A good route for 5.10 (and above) leaders - this isn't a route you want to fall off when leading.

A direct finish (5.10+) has been done on toprope and climbs straight up from the 2nd bolt to join the last bit of The Fiend right before the anchors.

By Adam Stackhouse
Administrator
Jan 11, 2007
rating: 5.8 R

This really is a fun route. A bit "spicey" as some would say, but the rock is so sticky and featured, that if one can overcome any insecurities of the protection factor, they can breeze right on up this.

By Chris Owen
Administrator
From: La Crescenta and Big Bear Lake
Dec 20, 2007
rating: 5.8 R

Suicide? Aren't there just a bunch of boring slab climbs there? - Conversation I once had at Stoney Point with someone.

What a great character packed route.

By Bruce Diffenbaugh
From: Cheyenne,Wyoming
Feb 17, 2008
rating: 5.8

Hey Guys; Whats all the Hub bub about the pro on this route? For that matter the whole wall!
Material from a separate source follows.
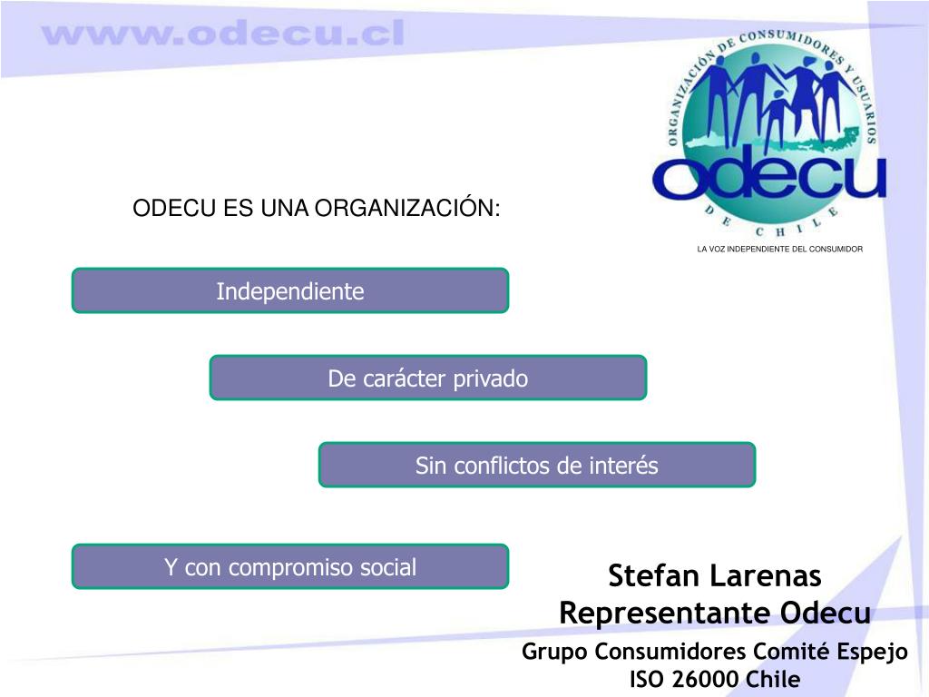 ODECU ES UNA ORGANIZACIÓN:. LA VOZ INDEPENDIENTE DEL CONSUMIDOR. Independiente. De carácter privado. Sin conflictos de interés. Y con compromiso social. Stefan Larenas Representante Odecu Grupo Consumidores Comité Espejo ISO 26000 Chile. Consumers International World Congress 2011.

The bolts were placed on the lead where there was a place to get a stance to drill.This is a well protected route,done in the style of this Area and of the time.Thats why they call it (traditional) rock climbing.

By C Miller
Administrator
May 19, 2008
rating: 5.8 R

Bruce - The "hub bub" is to alert those drawn to the climb by the mild grade that it's no sport route and is a somewhat serious lead for those climbing at or near their limit.